Paroles aux acteurs

Deux questions à Eric BECHU

photo Deux questions à Eric BECHU

Avant d’aborder le dernier match de la phase aller, face à Toulon à Mayol, le Montpellier Hérault Rugby pointe à la deuxième place du Top 14, à un point du Stade Toulousain. TECH XV a rencontré Eric Béchu afin d’évoquer le reprise du championnat, mais aussi les malheurs du XV de France.

TECH XV : Comment avez-vous gérer cette longue interruption ?
E.BECHU : Presque comme une mini-intersaison ! Tout le monde a eu 10 jours de vacances. Les miennes ont été consacrées au jardin. J’en ai profité pour planter des arbres. Pour être entrainant il faut de la fraicheur et de l’appétit, et c’est dans la nature que je trouve ces ressources indispensables à la pratique de mon métier. Ont suivi 15 jours de travail physique, avec un gros rappel aérobie. Le problème c’est que nous n’avions que 22 joueurs à notre disposition, les autres (environ une douzaine) étaient en sélection. Maintenant il faut gérer la suite et un calendrier difficile.
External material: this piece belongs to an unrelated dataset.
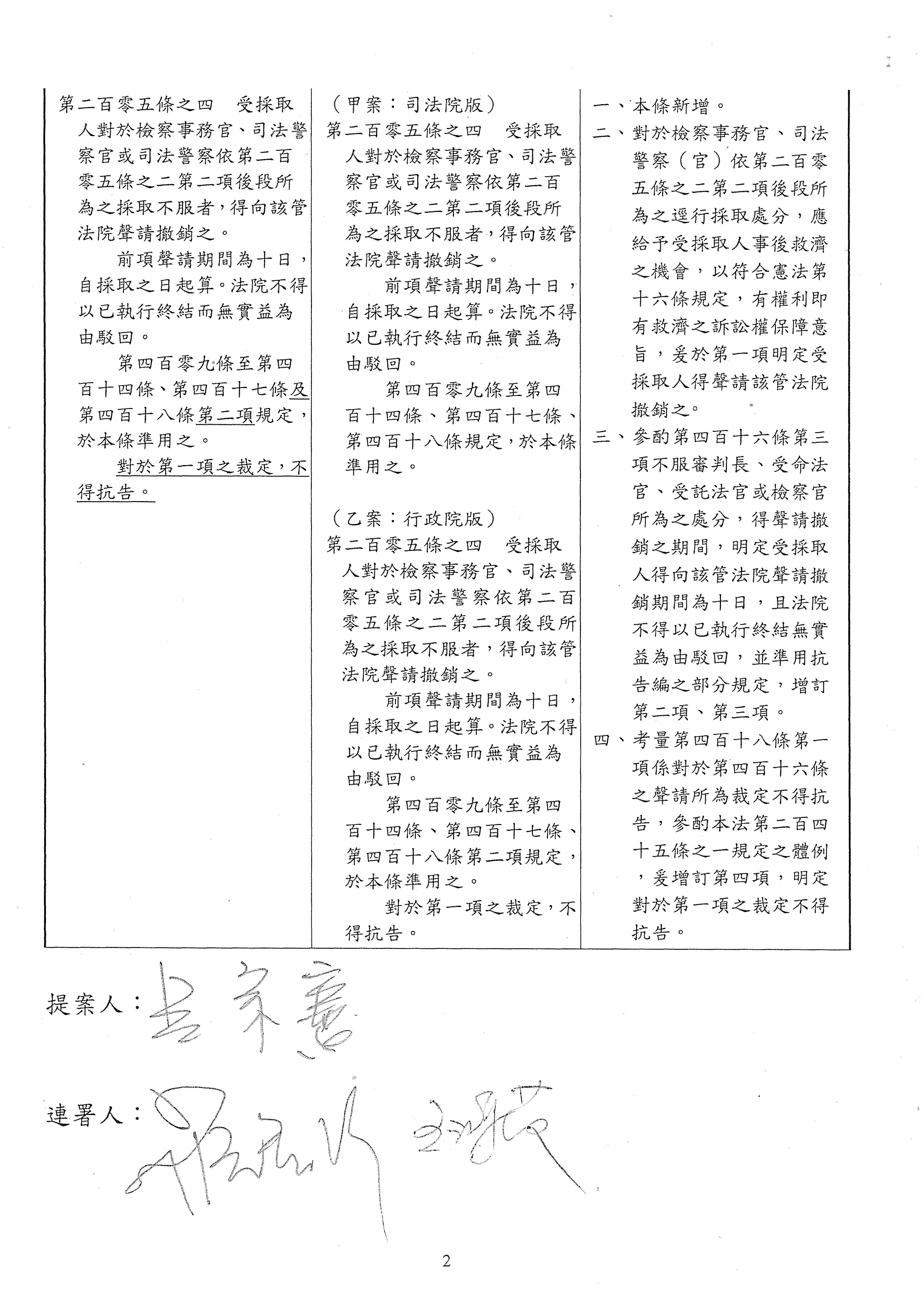 主席:羅委員,你同意採司法院嗎?同意,好,因為大家沒有不同的意見,所以第二百零五條之二就依照司法院及行政院提案通過。

Nous allons rencontrer sur les 6 prochaines journées : Toulon, Biarritz, le Racing, Perpignan, Toulouse et Clermont…tous candidats déclarés aux premières places du TOP 14. Le Montpellier Hérault Rugby a réussi un bonne première partie de championnat, il s’agit désormais de confirmer sur la deuxième.

TECH XV : Comment analysez vous la lourde défaite tricolore de samedi face aux Wallabies ?
E.BECHU : C’est un sentiment partagé. D’un côté je me dis que c’est trop gros pour être vrai, qu’il n’y a pas une telle différence entre les deux équipes, et puis de l’autre on est quand même bien obligé de constater la réalité. Et la réalité c’est que nos Bleus ont tenu 50 minutes. Je suis en admiration devant la qualité de l’organisation Australienne ; devant cette capacité à conserver le ballon, ce souci du détail, cette vitesse mise dans toutes les actions entreprises. On voit bien que ce jeu est le résultat d’un travail en profondeur effectué sur la durée. A contrario les nôtres manquent de temps pour travailler. Mais en disant ça on enfonce des portes ouvertes.